4. The linear polyribonucleotide of any of embodiments 1-3, wherein the 5' self-cleaving ribozyme is a ribozyme selected from the group consisting of: hammerhead ribozymes, hairpin ribozymes, hepatitis Delta Virus (HDV) ribozymes, varkud Satellite (VS) ribozymes, glmS ribozymes, twisted sister ribozymes, ax ribozymes, and pistol ribozymes.
5. The linear polyribonucleotide of embodiment 4, wherein the 5' self-cleaving ribozyme is a hammerhead ribozyme.
6. The linear polyribonucleotide of any of embodiments 1-5, wherein the 5' self-cleaving ribozyme comprises a region that has at least 85% sequence identity with the nucleic acid sequence of SEQ ID No. 1.
7. The linear polyribonucleotide of example 6, wherein the 5' self-cleaving ribozyme comprises the nucleic acid sequence of SEQ ID NO. 2.

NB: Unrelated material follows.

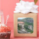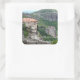 Square sticker with an image of the Meteora monastery.
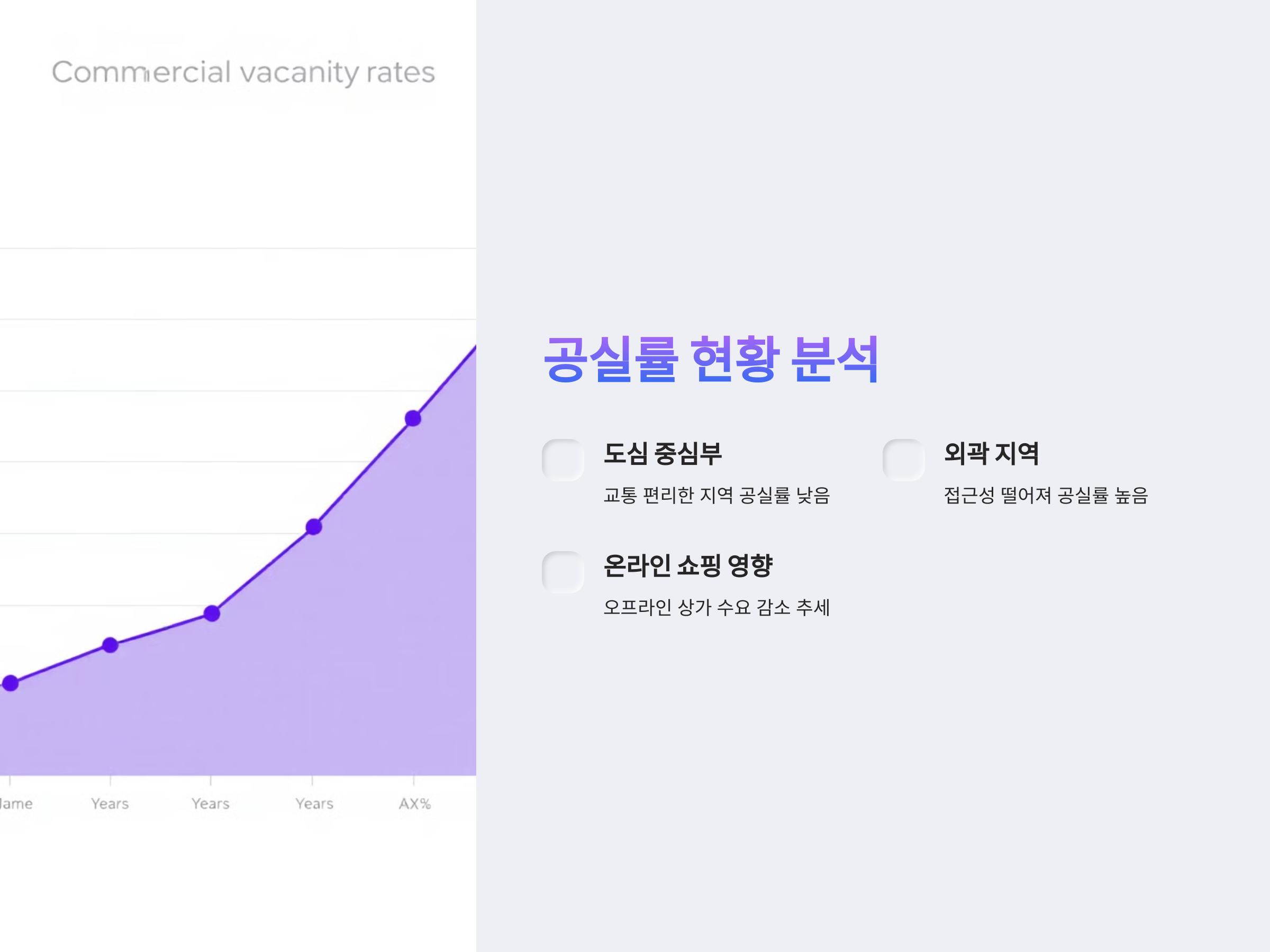 외곽 지역의 경우, 상업시설의 밀집도가 낮고, 소비자들의 접근성이 떨어지기 때문에 이러한 지역의 상가 공실률이 높은 현상을 보입니다. 또한, 최근에는 상가 임대료가 급등하면서 많은 상가가 공실 상태로 남는 경우도 증가하고 있습니다. 이는 외곽 지역에서 상업활동을 하고자 하는 사람들의 수요가 부족해지면서 나타나는 문제입니다.

8. The linear polyribonucleotide of any of embodiments 1-3, wherein the 5' self-cleaving ribozyme comprises a nucleic acid sequence or a catalytically-competent fragment thereof having at least 85% sequence identity with any of SEQ ID NOs 24-571.
9. The linear polyribonucleotide of embodiment 8, wherein the 5' self-cleaving ribozyme comprises the nucleic acid sequence of any one of SEQ ID NOs 24-571 or a catalytically active fragment thereof.
10. The linear polyribonucleotide of any of embodiments 1-9, wherein the 3' self-cleaving ribozyme is capable of self-cleaving at a site within 10 ribonucleotides of the 5' terminus of the 3' self-cleaving ribozyme or at a site that is 5' of the 3' self-cleaving ribozyme.
11. The linear polyribonucleotide of any of embodiments 1-10, wherein the 3' self-cleaving ribozyme is a ribozyme selected from the group consisting of: hammerhead ribozymes, hairpin ribozymes, hepatitis Delta Virus (HDV) ribozymes, varkud Satellite (VS) ribozymes, glmS ribozymes, twisted sister ribozymes, ax ribozymes, and pistol ribozymes.
12. The linear polyribonucleotide of embodiment 11, wherein the 3' self-cleaving ribozyme is a Hepatitis Delta Virus (HDV) ribozyme.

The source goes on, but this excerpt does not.